Love topwater for largemouth. LC Sammies, Spooks, and Chug Bug.


----------



## N M Mechanical (Feb 7, 2008)

If only one bait taken a 4" ring worm sand color made by riverside
_Posted via Mobile Device_


----------



## PerchPatrol (Mar 31, 2006)

Jitterbug, without a doubt. Nothing like a bass splashing up to grab one. 

Just turned my 2 young boys onto the joys of topwater bass fishing - wanted to wait until they wouldnt bury one into the back of my (or their) scalp before I let them do too much casting in a small boat.

They had a blast.


----------



## jigworm (Jan 10, 2003)

Last week it was a 4" Mann's Dragin finesse jigworm. This morning it was a 3" powergrub. Next week my favorite will be whatever the bass are biting then.


----------



## bubba ice (Feb 2, 2009)

8" Berkly Power Worm ( Black ) Texas Rig


----------



## DaveW731 (Jan 12, 2001)

Favorite bait: Luhr Jensen's version of a Zara Spook; I LOVE walking the dog, both working the bait and the ferocious hits it gets. the LJ is wood and sits a bit lower in the water than the Spook, thereby making a much larger wake.

Most effective bait: another vote for a 4" Yum Dinger (watermelon w/chartreuse tail in particular)


----------



## brookies101 (Jun 23, 2008)

DaveW731 said:


> Most effective bait: another vote for a 4" Yum Dinger (*watermelon w/chartreuse tail in particular*)


Yezzz sir!!! That color has been awesome for me this year. This method has been my favorite and goto for a couple years now, but the goby method is working its way up my fav. list. If you can wiggle it through the rocks without getting hung up alot (hard to do, trust me, learned the hard way) its just as, or maybe more effective than the dinger


----------



## kristo27 (Mar 25, 2009)

Drop shotting a berkley alive leech 3'' placed in 4 tourneys this year with this rig gotta love that


----------



## swamptromper (Sep 10, 2006)

Surface lures just seem to give me a stiffy. Havent had much luck so far this season..... but when its on, oh.... is it ON.

other than that a double tail with a 1/4 oz and just swim it along.


----------



## Griffin (Jul 19, 2009)

The most Small Mouth i've caught with a Berkley Frenzy Firestick Minnow Shallow in Colour 1095770 black back and silver torso.

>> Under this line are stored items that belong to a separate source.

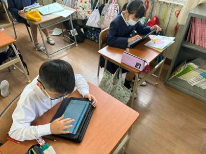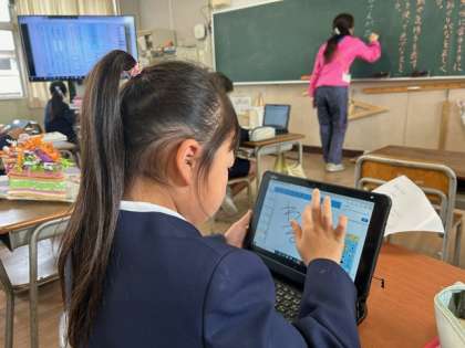 子どもたちはタブレットを使って、「どうした」について自分の考えをどんどん書き出していきます。
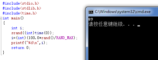 所以i=(int)(100.0*rand()/RAND_MAX);
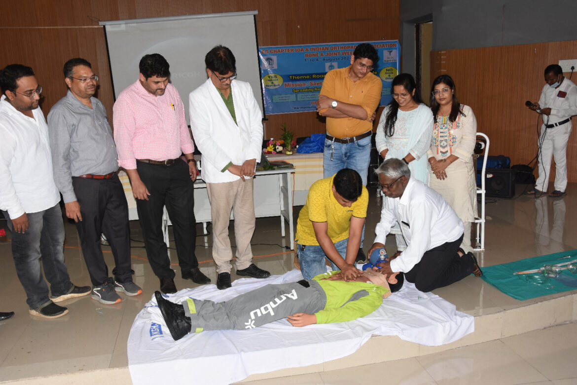 इसी क्रम में निश्चेतना विभाग एच ओ डी डा.ए एम लकड़ा, डॉ.निधि, डॉ.लेस पटेल, डॉ.सीबी पैकरा, डॉ.नवनीत व डॉ.अमितेश पाण्डेय उपस्थित रहे। डॉ.लकड़ा द्वारा सीपीआर का प्रायोगिक पहलू दिखाया गया।और डॉ.निधि अमाटी ने सीपीआर पर पेपर प्रेजेंटेशन किया। कार्यशाला में आर्थो क्लब रायगढ़ से डा.एसबी अवस्थी, अस्थि रोग संघ के प्रदेश अध्यक्ष डॉ.बीआर पटेल, डॉ.आरके गुप्ता, डॉ.दिनेश पटेल, डॉ.डोलेश्वर पटेल,डा.आकाश पंडा उपस्थित रहे। कार्यशाला को सीनियर आर्थोपेडिक सर्जन डॉ.अवस्थी ने संबोधित किया। मेडिकल कॉलेज के डीन डॉ.पीएम लुका ने कहा कि इस के आयोजन होते रहना चाहिए, इसके लिए मेडिकल कॉलेज हमेशा तैयार है। कार्यशाला में एम एस डा.मनोज मिंज की उपस्थिति रही, उन्होंने ट्रैफिक नियमों का पालन करने पर जोर दिया। कार्यशाला के आयोजन में डॉ. सिद्धार्थ सिन्हा का विशेष सहयोग रहा। समापन अवसर पर डॉ.बीआर पटेल ने कार्यक्रम की सफलता पर धन्यवाद ज्ञापित किया।
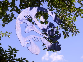 Mein Wunsch entstand, in einen leisen Dialog zu treten, in einen assoziativen Prozess der Gestaltung einzusteigen. „Der Himmelsbaum“ war das erste, was mir gefiel. Ein toter Baum voller Leben war ein Symbol für den steten Wechsel zwischen Leben und Tod und stellte gleichzeitig die Frage: Wann ist Leben und wann ist Tod? Ein alter Apfelbaum mit einem wundervollen Schwung in seinen Ästen bot sich an, Kristalle aufzunehmen und ein Holzbild „Die Liebenden“ . So entstand der „Baum der Tränen“, Tränen der Trauer und Freude. Weiter oben war im Laufe der Zeit ein kleines Plateau entstanden. Ein idealer Platz für ein kleines und doch feines Labyrinth.
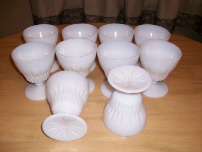 MILK-WHITE FOOTED DESSERT CUPS OLD MILK GLASS
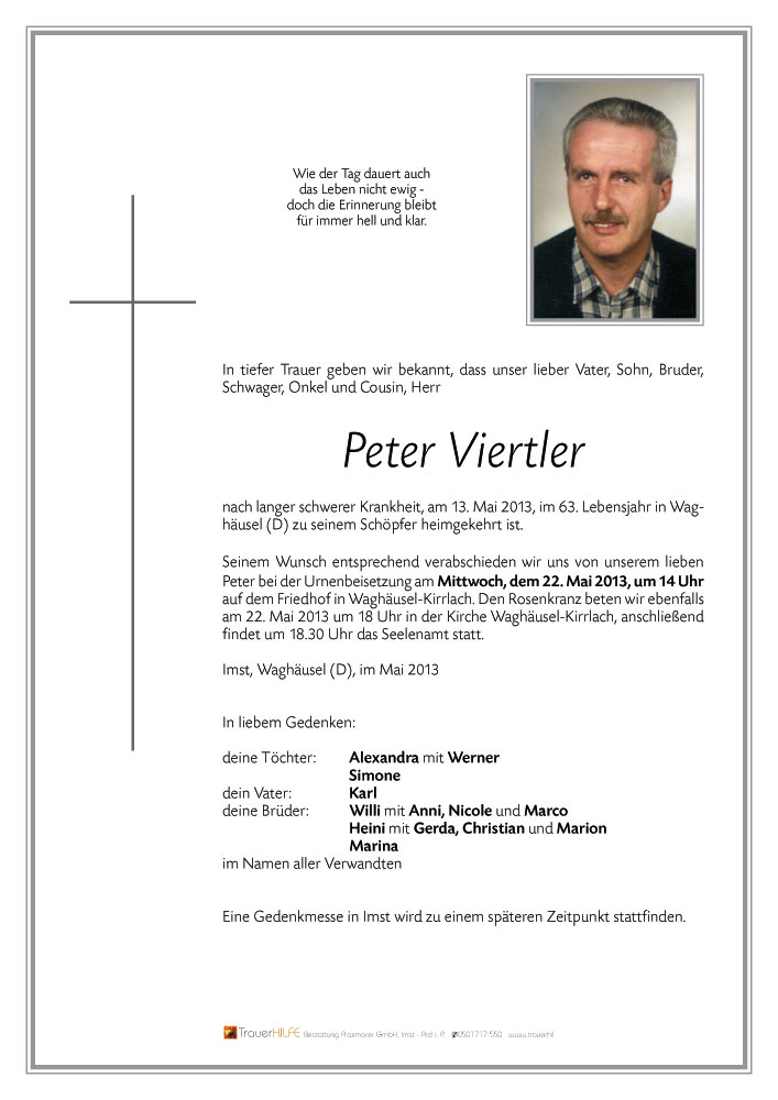 Bestattung wurde durchgeführt von: Daniel Klocker Bestattung Praxmarer GmbH Thomas Walch Str. 4 6460 - Imst Tel.: 05412 64250 zum Bestatter
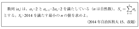 [B]2項間特性方程式型漸化式の部分和の評価の問題(2014年自治医科大15)
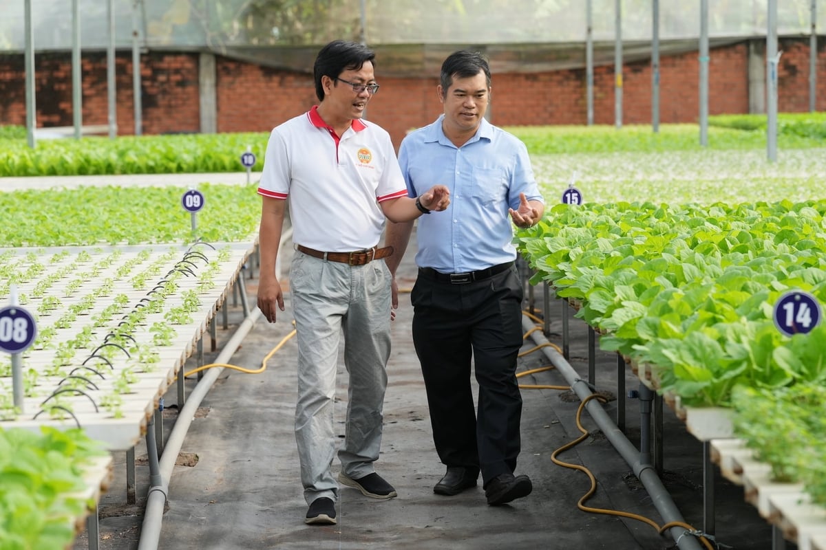 Chuyên gia nông nghiệp thăm và trò chuyện cùng anh Lâm Ngọc Tuấn, Chủ tịch HTX Rau thủy canh Tuấn Ngọc.
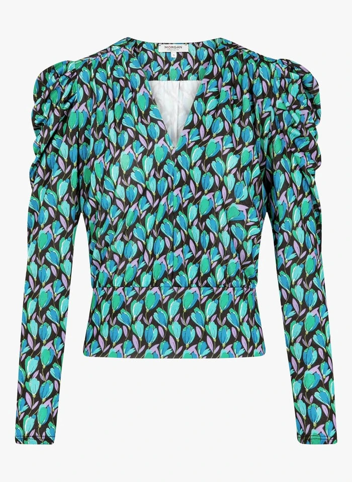Floral print V-neck T-shirt by Morgan for Women.
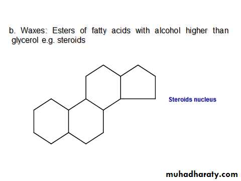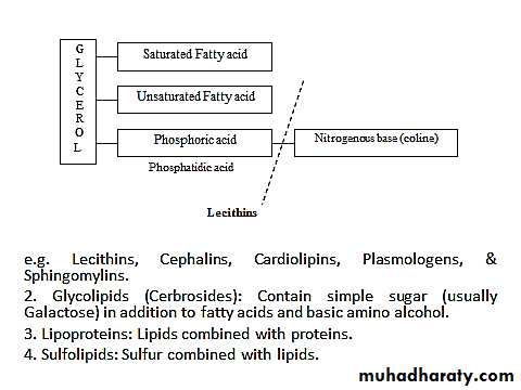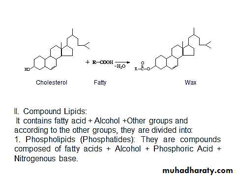 Fatty acidI. Simple lipids: They are esters of fatty acids and one of the various alcohols. They are divided into:
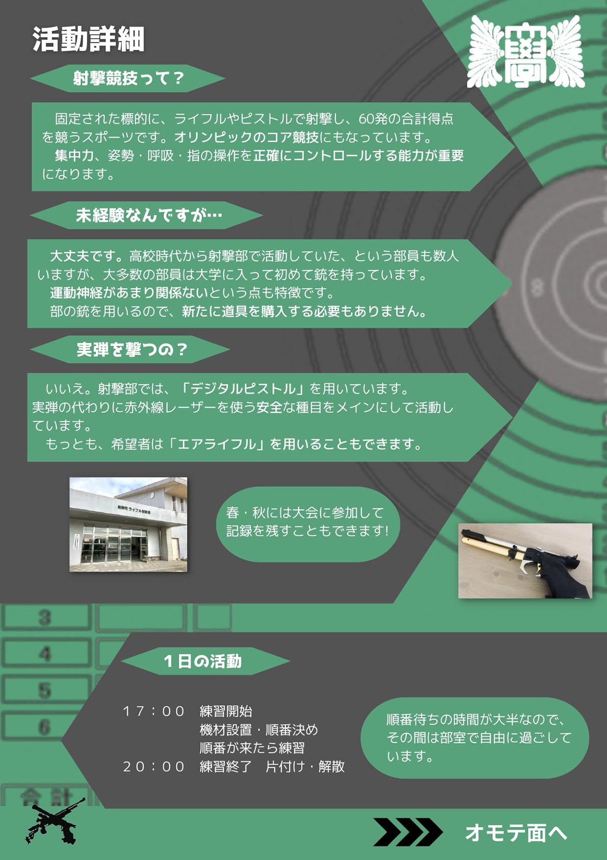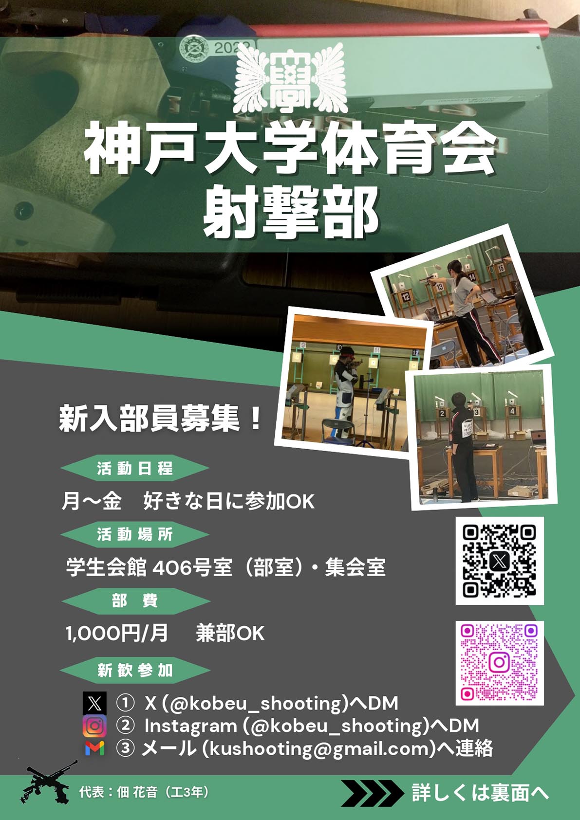 射撃部では、ほとんどの部員が大学入学後に競技を始めています。 中には、初心者から競技を始め、関西大会でベスト8に入賞した部員もいます! 射撃競技は、運動神経や体力に大きく左右されない点が特徴です。また、部の銃を使用するため、自分で銃を購入する必要もありません。 毎回の練習は自由参加なので、学業、アルバイトと両立しながら、自分のペースで活動できます。兼サーもOKです! お気軽に体験会にお越しください
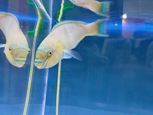 進んでいくとヒレが手のようになったお魚や、水色と黄色の鮮やかな縞模様があるお魚などいろんな種類がいて
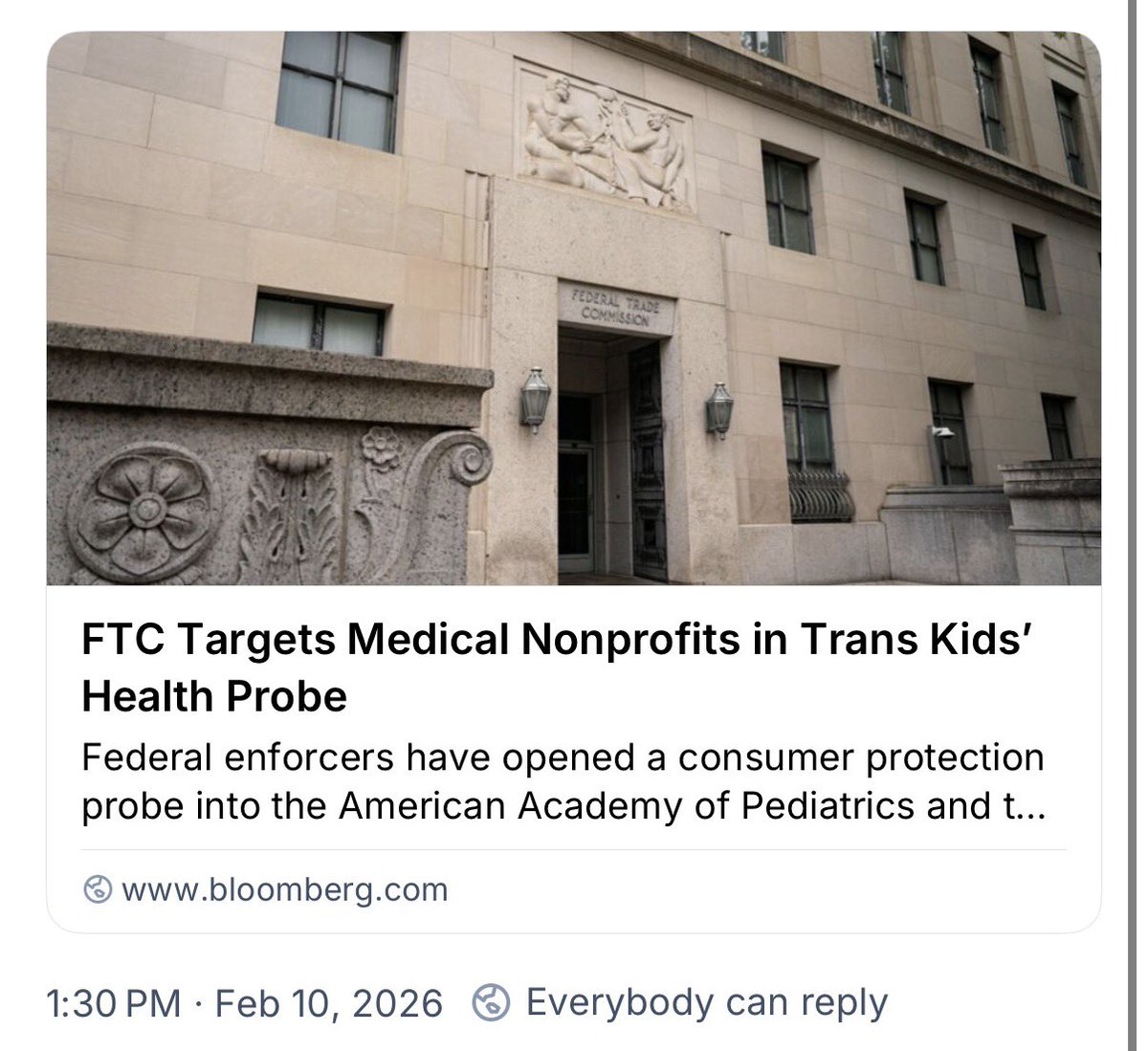 The Federal Trade Commission has opened a consumer protection probe into the American Academy of Pediatrics and has demanded its records regarding pediatric gender medicine.
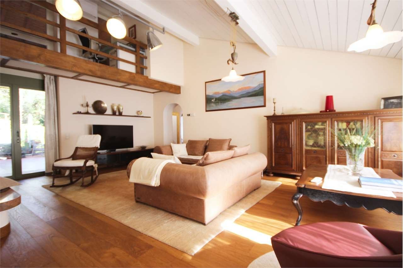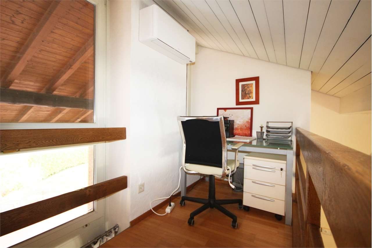 La casa si sviluppa principalmente su due livelli e dispone di salone con camino e accesso alla terrazza e giardino, pranzo, cucina abitabile, due camere da letto, studio, due bagni, terrazze, garage doppio, tre posti auto esterni.

http://www.berkley-fishing.co.uk/catalogue/baits-lures,508/hard-bait,512/frenzy-firestick,5332.html

Greetings from germany

Daniel


----------



## slwayne (Aug 27, 2009)

5" Senko, watermelon, rigged Texas style on a 3/0 Gamakatsu hook w/ no weight. Cast it around lily pads, weeds, docks let it settle and watch for that tell tale twitch in the line.


----------